Start of The data

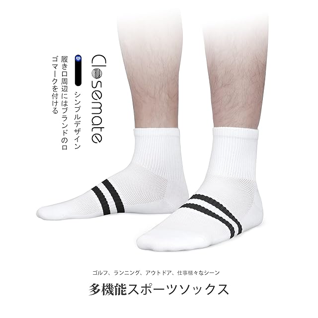 [CLOSEMATE] 靴下 メンズ ショートソックス 防臭吸汗 くるぶしソックス スニーカーソックス 男性 5足セット オシャレ ストライプ クルー丈 スポーツ カジュアル ホワイト 通気吸湿 カラフル
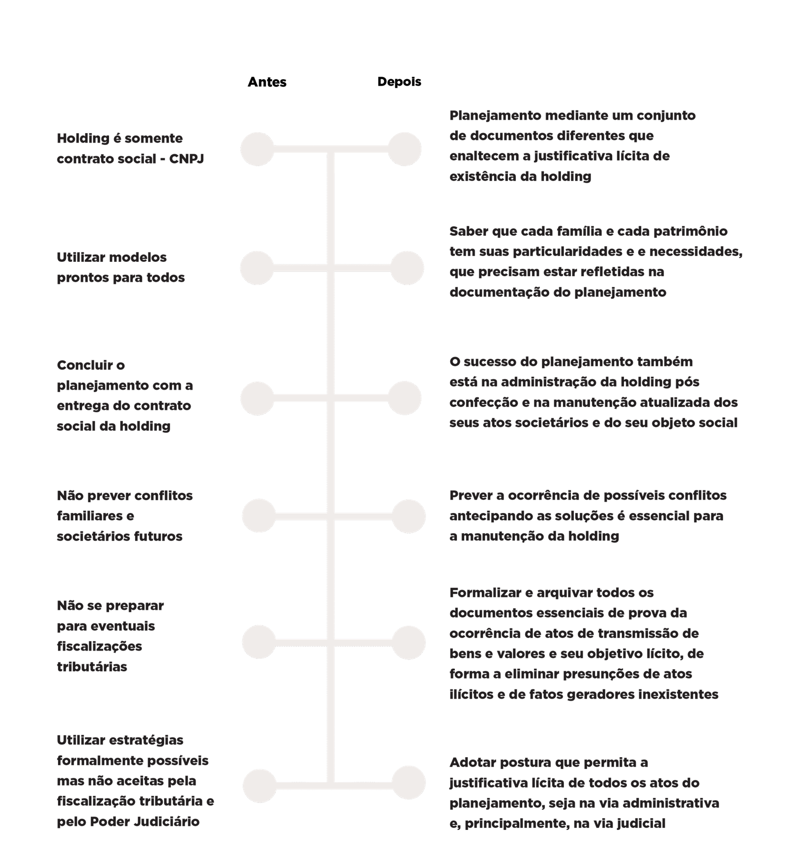 Além disso, erros comuns na constituição de uma holding familiar acontecem o tempo todo e estão gerando sérios prejuízos ao patrimônio familiar. Dentre esses erros encontram-se: a constituição de holding somente via contrato social, a utilização somente de limitadas como forma societária, a inclusão de menores de idade sem a preparação dos atos societários, a falta de atas para integralização de imóveis em realização de capital social, a absoluta ausência de um plano de negócios, a falta de comprovação dos princípios e valores da família, dentre outros.
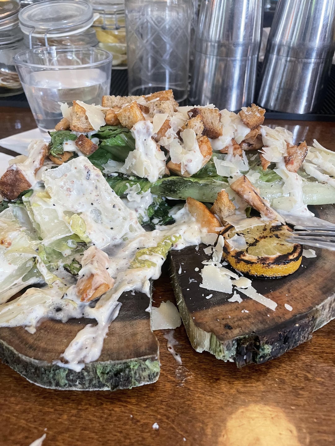 Aside from that awful piece of wood. It looks like a good Caesar salad.
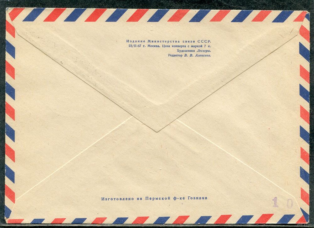СССР 1967. ХМК. Конверт с СГ. Авиа. 10 лет первого спутника земли. Гашение Калуга 1967
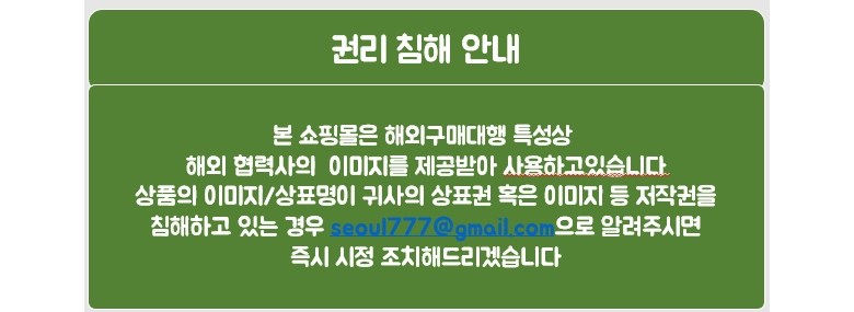 해외업체가 등록한 상품에 대해서는 법적 책임을 지지 않습니 다. 상품에 오류가 있을 경우, 상품문의에 남겨주시면 신속히 확인/처리 하도록 하겠습니다.
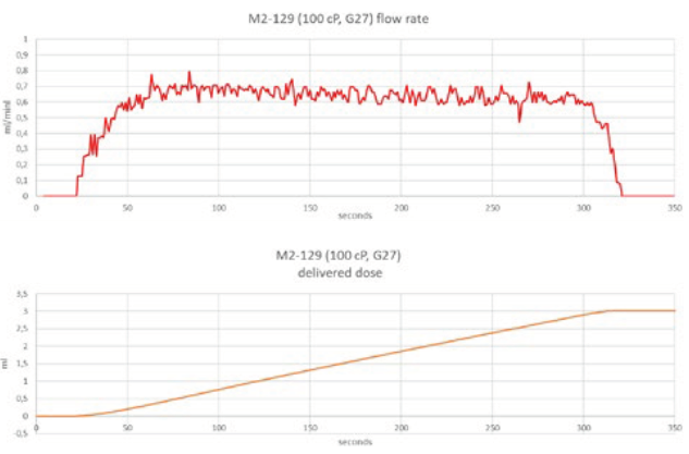 The flow rate profile is likewise consistent during the injection. A typical flow profile of a 100 cP viscosity injection is shown in Figure 5.
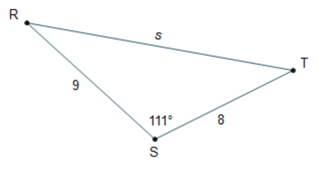 s^2 = 9^2 +8^2 - 2(9)(8) cos(111)
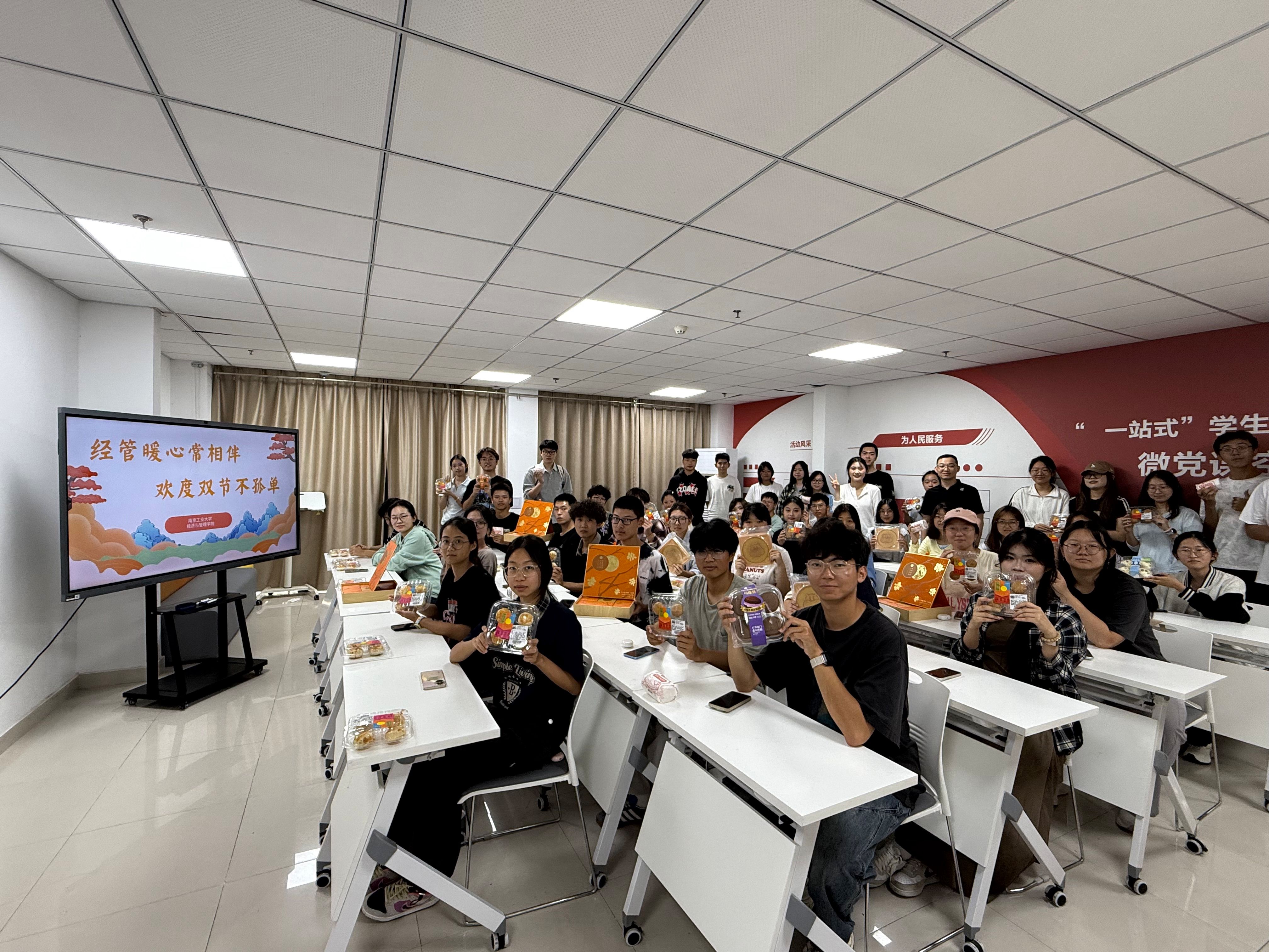 月满中秋,情满人间,但有部分新生第一次远行,不能和家人团聚。学院特在南苑一站式社区举办慰问活动。活动以“经管暖心常相伴、欢度双节不孤单”为主题,学院老师与留校员工代表一起欢度佳节。
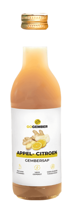 Per saldo ben je dus duurder uit, heb je minder voedingswaarde en een voorraad die je nauwelijks kunt bewaren. Bij ons krijg je puur, koudgeperst gembersap, professioneel gebotteld en langer houdbaar. Er is geen enkel ander bedrijf dat het zo vers en zorgvuldig doet als wij.
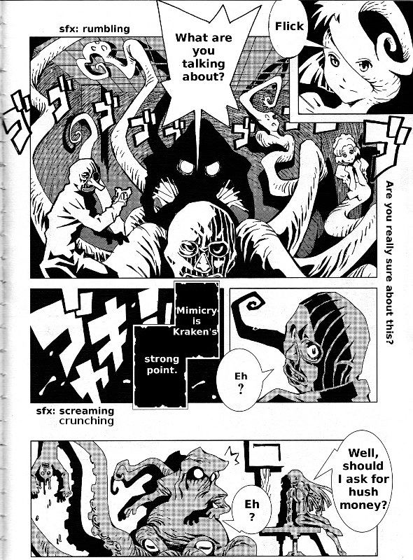 In the American Area 51, there is a society where many varied supernatural creatures-kappa, vampires, aliens, gods and goddesses of various mythologies, mythological figures (like King Arthur), and more-make their home. In addition to the non-humans, there's also a population of humans, people who can't live in the ordinary world for one reason or another. One of these people is Magoi Tokuko, commonly known as McCoy, a tough woman who works cases with the help of her kappa associate, her deep knowledge of the area, and her pistol. In her office, which she's built in an unfinished subway station, she takes on all kinds of jobs (recovery of stolen goods, infiltration, etc.) from the many humans and non-humans who come to pay for her help. (Source: MangaHelpers)
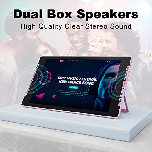 • 【Patented Stand Design & Dual Box Speakers】Smart tablet has a unique patented metal back stand design, in case you video, writing, cooking stand at will, Better increase the use experience. Built-in two box speakers to bring a wonderful auditory experience.Tablet with tempered film, already installed.
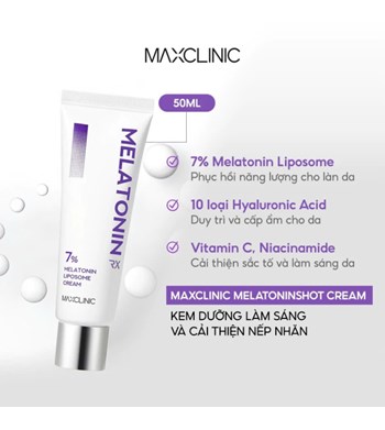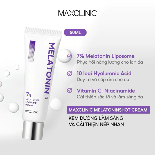 Maxclinic 7% Melatonin Liposome Cream RX 50ml là kem dưỡng cao cấp ứng dụng công nghệ Liposome hiện đại, giúp đưa hoạt chất Melatonin 7% thẩm thấu sâu vào da, hỗ trợ phục hồi tổn thương, làm sáng và cải thiện độ đàn hồi rõ rệt.
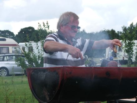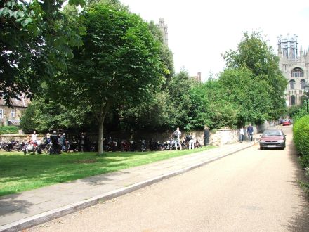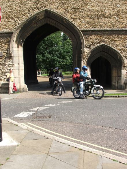 The last weekend in July saw us attending the Norwich Section's Camping weekend for the third year running. This event has become a "must do" for us as it is such a friendly, layed back event. It's a real familly event with several couples both riding and some even taking the kids along with them. We arrived late afternoon on Friday and set the caravan and awning up before heading into nearby Attleborough for a meal. For those who indulge, Bob and Cynthia do a Fish and Chips delivery from the local town. We returned later in the evening and joined the rest of the campers for a social evening around the bar. On Saturday the main run took place, a ride out to Ely via scenic roads passing Denver Sluice. The run organisers must have friends in high places as they had arranged for us to be allowed to park in the Cathedral grounds. We had a walk around Ely admiring the Cathedral from various angles, ate our sandwiches sitting in the sun and then returned to the camp site by another scenic and almost traffic free route. Saturday evening and the barbecue was in full swing along with the bar. A section member brought along an Anzani engined "Cycle Pacer" which created a lot of interest. When he started the massive engine the crowd grew even larger although most kept a discrete distance from the minimal exhaust pipes. Sunday morning and a shorter run with a coffee stop at Richard's house. Many envious comments were made about Richard's extremely well equipped workshop. He has a taste for unusual motorcycles with an "All States" and an MZ opposed twin among his collection. Sunday lunch and the barbecue was fired up again followed by a motorcycle Gymkhana with limbo, slow riding and moving tennis balls from traffic cones into buckets while riding along. We stayed over for Sunday evening with several others, some were heading down to the West Kent International ready for the next weekend. Many thanks to Norwich Section for organising such an enjoyable event, save us a space for next year please! |
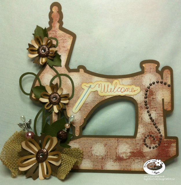 Monica.-For my project, I´m using cutting files. The dress form and the sewing machine are from Picknix1-All Sewn Up Dowload bundle, as well as the patter paper and the sentiment. I just weld both cutting files. For the flowers, I used another cutting file "Flowers 3"; and for the vines and leaves, I used "Ivy 1".
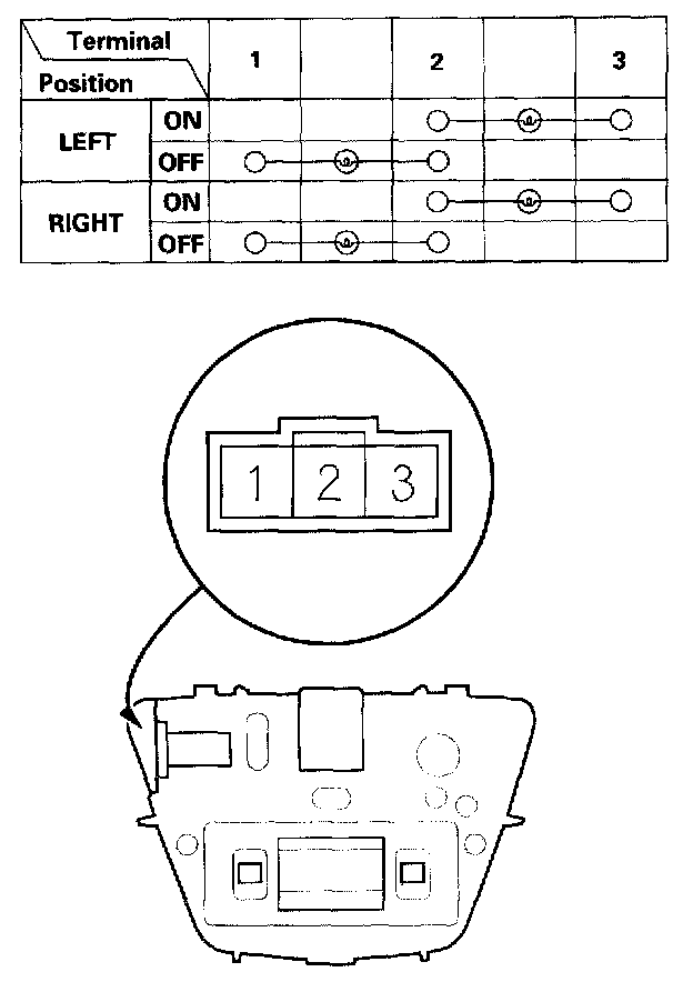 4. Check for continuity between the terminals in each switch position according to the table.
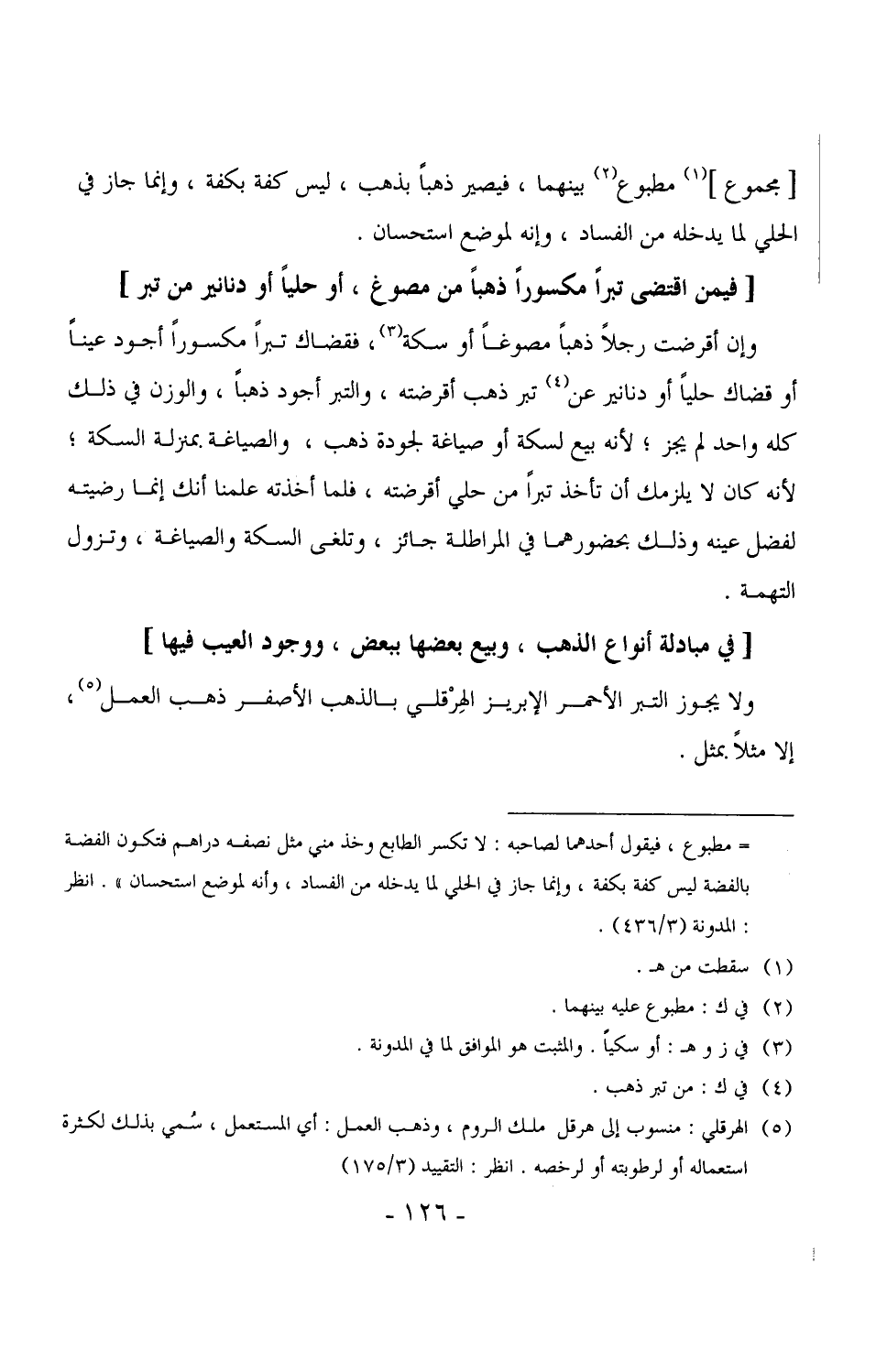 [مجموع] مطبوع بينهما، فيصير ذهباً بذهب، ليس كفة بكفة، وإنما جاز في الحلي لما يدخله من الفساد، وإنه لموضع استحسان.
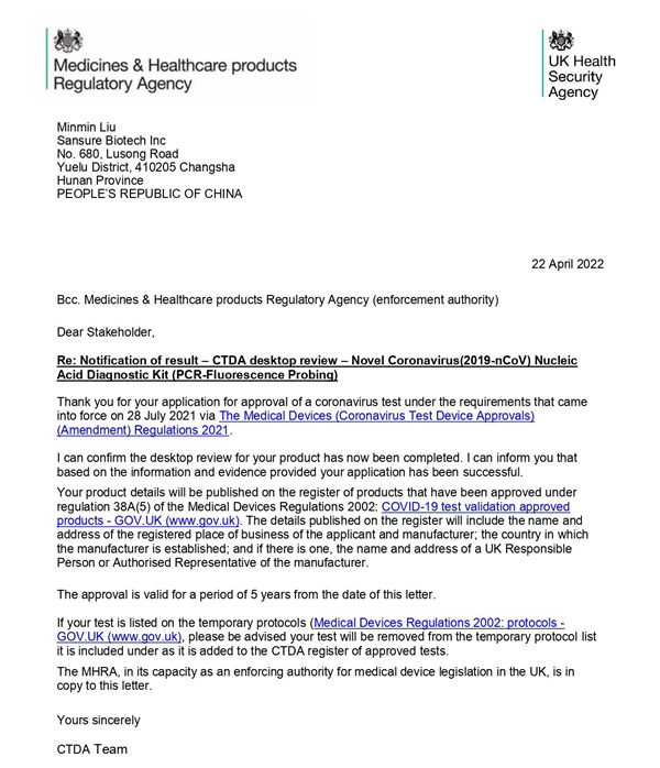 国内首个!710公海生物新冠核酸检测试剂获英国CTDA认证

End of The data

--- Your objective ---
Leaving out every picture, repeat exactly the lines of the records from the start through the line that has "Além disso, erros".

--- Result of this exercise ---
 [CLOSEMATE] 靴下 メンズ ショートソックス 防臭吸汗 くるぶしソックス スニーカーソックス 男性 5足セット オシャレ ストライプ クルー丈 スポーツ カジュアル ホワイト 通気吸湿 カラフル
 Além disso, erros comuns na constituição de uma holding familiar acontecem o tempo todo e estão gerando sérios prejuízos ao patrimônio familiar. Dentre esses erros encontram-se: a constituição de holding somente via contrato social, a utilização somente de limitadas como forma societária, a inclusão de menores de idade sem a preparação dos atos societários, a falta de atas para integralização de imóveis em realização de capital social, a absoluta ausência de um plano de negócios, a falta de comprovação dos princípios e valores da família, dentre outros.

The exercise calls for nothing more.